# TRY IT:
In the material below, the lines between the one holding "Een auto is" and the one holding "title: Bake Cosmetics", inclusive, are to be set down word for word. Pictures stay out.

# PROVIDED MATERIAL:
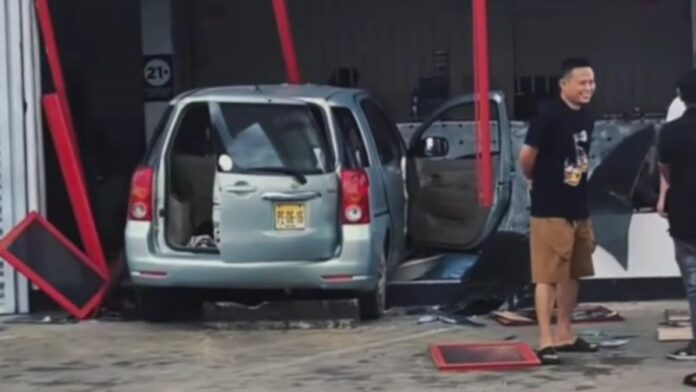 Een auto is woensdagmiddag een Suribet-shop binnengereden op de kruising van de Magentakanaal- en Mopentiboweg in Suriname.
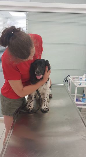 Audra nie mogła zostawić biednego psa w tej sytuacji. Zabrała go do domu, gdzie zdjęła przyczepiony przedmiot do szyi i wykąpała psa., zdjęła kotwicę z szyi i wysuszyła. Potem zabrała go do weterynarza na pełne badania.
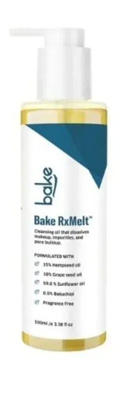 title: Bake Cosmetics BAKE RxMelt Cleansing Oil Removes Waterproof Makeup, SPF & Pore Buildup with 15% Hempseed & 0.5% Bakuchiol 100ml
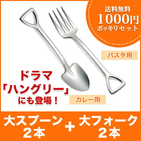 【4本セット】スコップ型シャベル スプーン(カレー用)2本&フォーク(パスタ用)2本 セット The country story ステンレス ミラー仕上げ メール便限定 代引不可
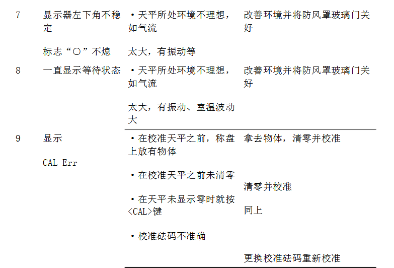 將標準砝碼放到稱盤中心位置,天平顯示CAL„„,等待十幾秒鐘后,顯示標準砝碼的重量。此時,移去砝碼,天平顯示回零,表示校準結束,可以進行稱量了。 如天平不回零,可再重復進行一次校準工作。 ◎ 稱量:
--
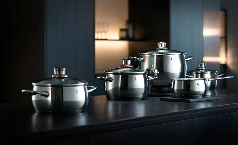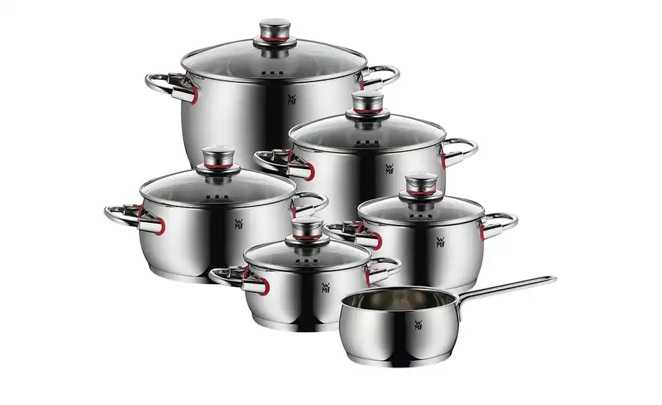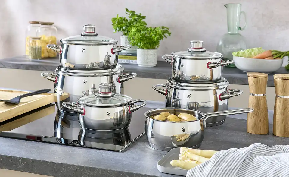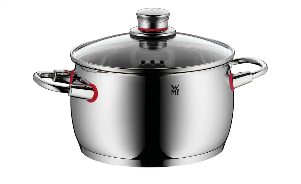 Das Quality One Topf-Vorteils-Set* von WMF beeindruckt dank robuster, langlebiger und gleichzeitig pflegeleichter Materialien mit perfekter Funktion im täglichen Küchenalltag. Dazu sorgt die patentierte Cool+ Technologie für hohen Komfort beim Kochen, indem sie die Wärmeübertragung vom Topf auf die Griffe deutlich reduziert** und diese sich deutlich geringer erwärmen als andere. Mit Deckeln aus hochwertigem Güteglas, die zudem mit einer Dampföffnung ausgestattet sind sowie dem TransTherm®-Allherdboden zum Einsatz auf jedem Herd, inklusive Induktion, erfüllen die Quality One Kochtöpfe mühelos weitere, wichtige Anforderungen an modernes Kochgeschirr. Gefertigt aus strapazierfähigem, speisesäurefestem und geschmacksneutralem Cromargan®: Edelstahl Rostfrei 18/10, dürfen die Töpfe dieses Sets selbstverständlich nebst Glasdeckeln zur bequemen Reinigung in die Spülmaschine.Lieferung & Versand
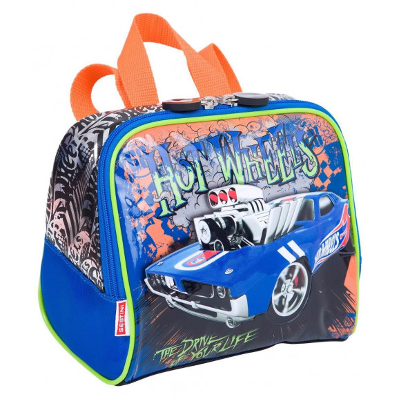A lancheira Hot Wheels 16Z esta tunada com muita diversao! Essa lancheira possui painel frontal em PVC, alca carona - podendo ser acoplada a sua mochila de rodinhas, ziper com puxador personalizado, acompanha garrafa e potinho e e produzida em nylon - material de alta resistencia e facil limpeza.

# TASK SOLUTION:
 Een auto is woensdagmiddag een Suribet-shop binnengereden op de kruising van de Magentakanaal- en Mopentiboweg in Suriname.
 Audra nie mogła zostawić biednego psa w tej sytuacji. Zabrała go do domu, gdzie zdjęła przyczepiony przedmiot do szyi i wykąpała psa., zdjęła kotwicę z szyi i wysuszyła. Potem zabrała go do weterynarza na pełne badania.
 title: Bake Cosmetics BAKE RxMelt Cleansing Oil Removes Waterproof Makeup, SPF & Pore Buildup with 15% Hempseed & 0.5% Bakuchiol 100ml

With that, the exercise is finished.